The shares of IEX had touched a 52-week high of ₹215.40 on June 9, 2025, and a 52-week low of ₹114.50 on March 30, 2026. It is up about 5% in the past month, but down by over 5% year-to-date, nearly 9% over six months, and more than 33% over the past year.
Meanwhile, the exchange has also sought clarification from the regulator regarding the proposed framework.
According to Balaji Rao Mudili, Research Analyst at Bonanza, the CERC draft proposes that Grid-India will act as the market coupling operator, aggregating bids from all power exchanges and discovering a single uniform market clearing price.
Currently, exchanges such as IEX independently discover prices based on demand-supply bids. Under the proposed system, exchanges will continue to collect bids, but pricing authority will shift away from them.
“The exchanges however will continue to collect bids but will no longer set prices. IEX holds roughly 84% market share in the power exchange segment, so its discovered price was effectively the national benchmark which was also the major competitive advantage which it had,” he explained.
The change directly impacts IEX’s core positioning as the company currently holds around 84% market share in the power exchange segment, making its price discovery the de facto national benchmark—one of its key competitive advantages.
Besides, IEX would transition from a price-discovery exchange to a bid-collection platform, weakening its structural moat.

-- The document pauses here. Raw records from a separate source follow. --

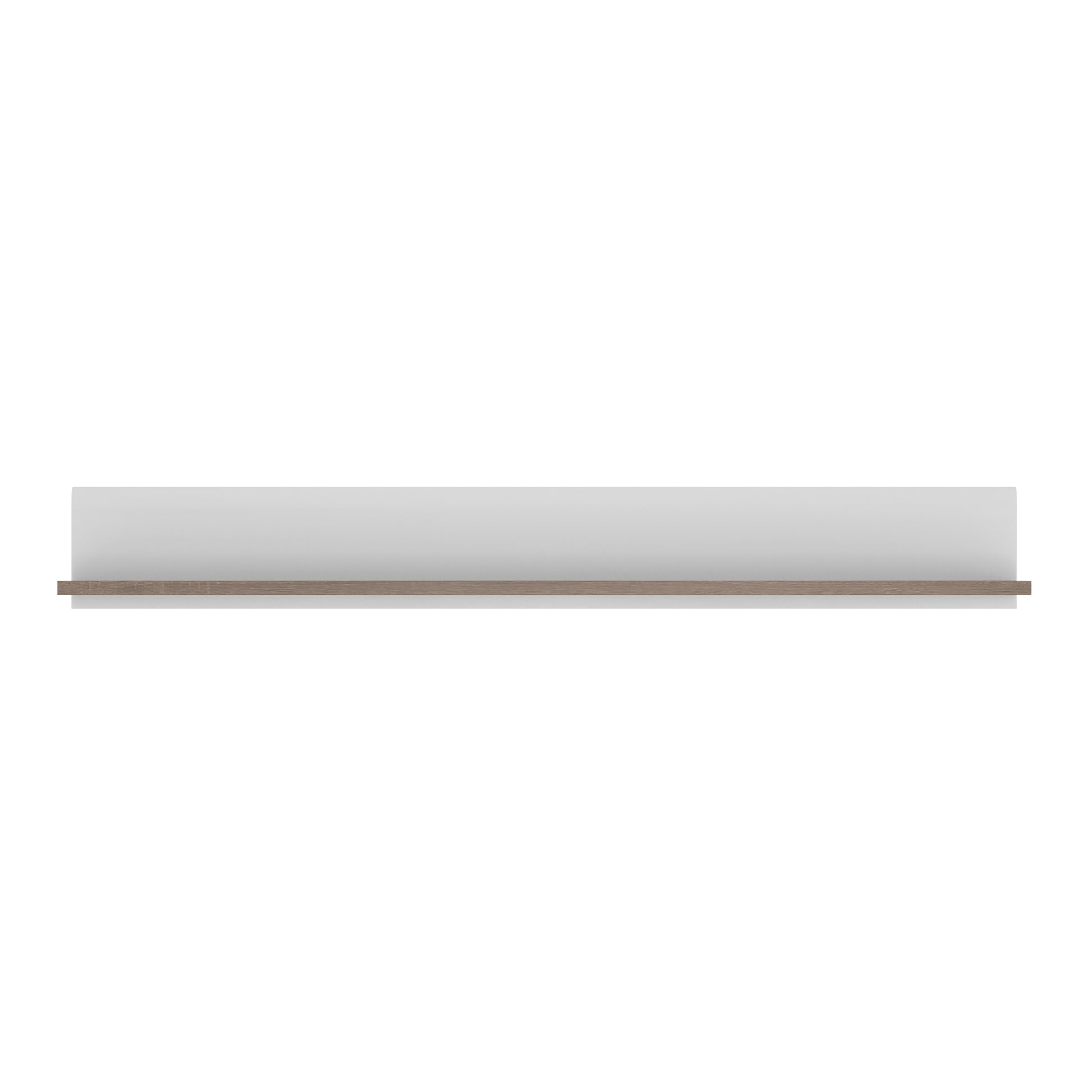 wall shelf in white with an truffle oak trim. unconventional design - a proposal for the followers of the latest trends. the clever mix of scratch resistant white melamine with beautiful high gloss fronts and oak melamine trim makes this top quality collection of furniture the ideal destination for the most modern of homes, the massive range that includes many cabinets and wall units fulfils every storage and display option.
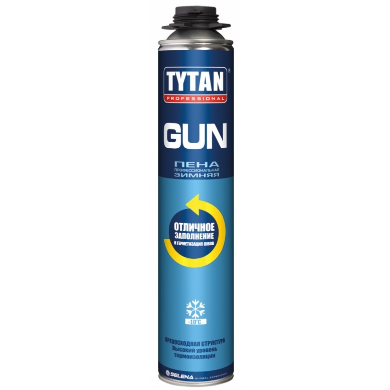 Tytan professional or pistol assembly sealant, unlike foam with a tube, is produced in specialized cylinders equipped with threads for screwing the dispenser gun. With the help of such a device it is possible to apply the composition to hard-to-reach places Using a gun, the builder will be able to quickly and accurately distribute the assembly weight. The use of such a sealant allows large-scale construction work with minimal material consumption.
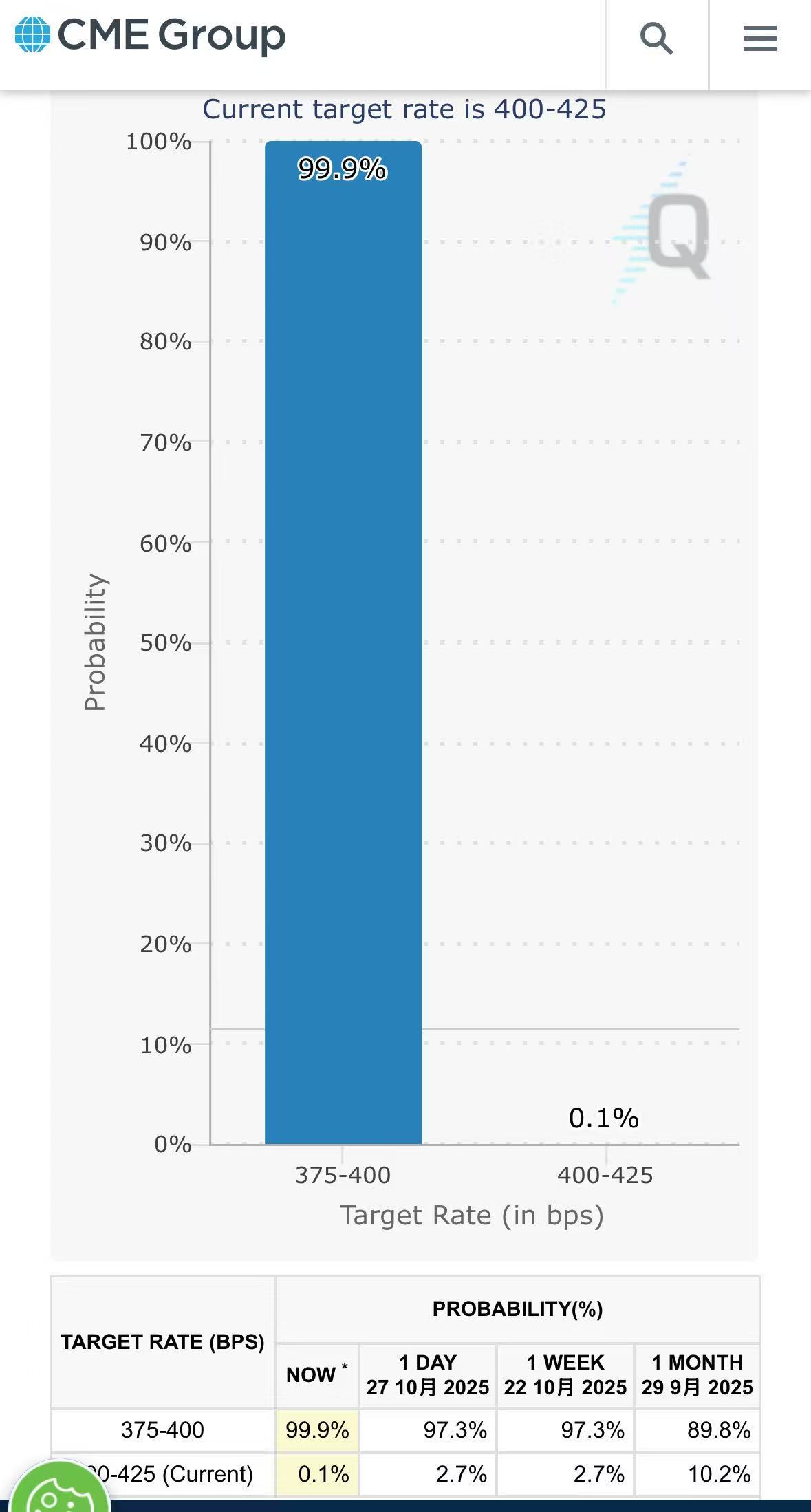此次降息符合市场预期。截至10月29日15时,芝商所FedWatch工具显示,美联储降息25基点的概率高达99.9%,维持不变的概率为0.1%。
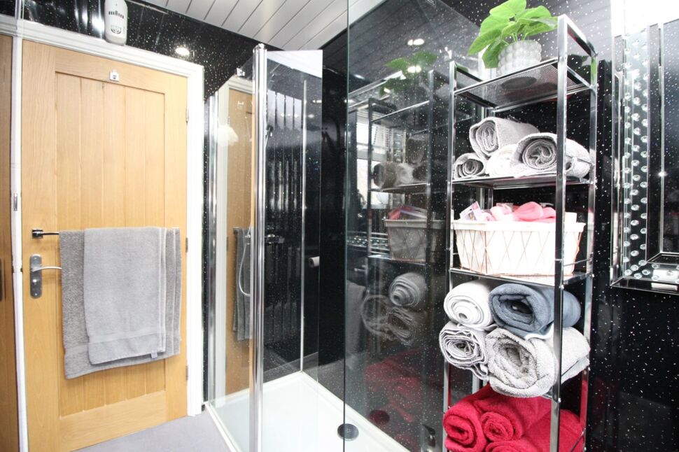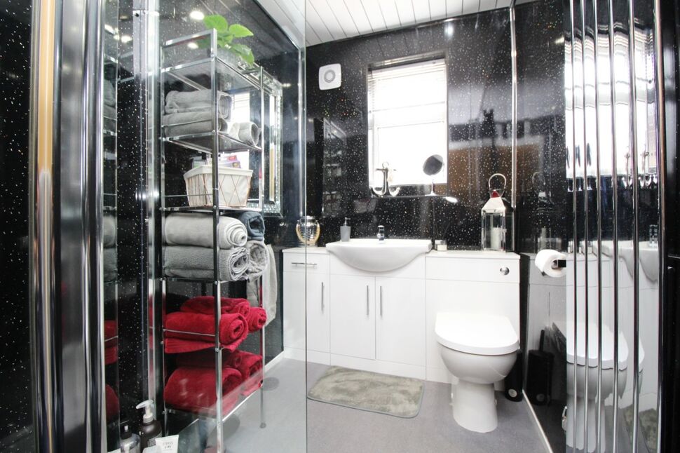 Comprising of a low flush W.C, vanity wash hand basin with storage under neath, good sized shower enclosure with shower unit overhead, panelled walls, heated towel rail, extractor fan, inset LED lighting and uPVC double glazed obscure window to the side.

This could also allow smaller players such as PXIL and HPX to gain volumes without building liquidity depth, potentially slowing IEX’s market share growth.
“Following the new norms, smaller players like PXIL and HPX can attract volumes without having to build their own liquidity, which for IEX means slower volume growth as it is no more the price decider. IEX makes about 78% of its revenue from per unit transaction fees so any market share loss impacts the top line directly,” the analyst said.
He further said that there are two modes of trading on power exchanges—the real time market (RTM) and the day ahead market (DAM). Market coupling would first be implemented in the Day-Ahead Market (DAM) segment, which is IEX’s largest revenue contributor. This raises concerns over near-term earnings visibility. Around 78% of IEX’s revenue comes from transaction fees, making its earnings highly sensitive to traded volumes and market share.
“IEX trades at a P/E of around 24, a premium built on its dominance. If that dominance fades, multiples could compress. India’s power market is expanding and even with a smaller slice of the pie, IEX could grow if the pie itself expands fast enough. But the monopoly like franchise narrative is effectively over and the market is still in the middle of repricing what IEX is worth without that moat,” he said.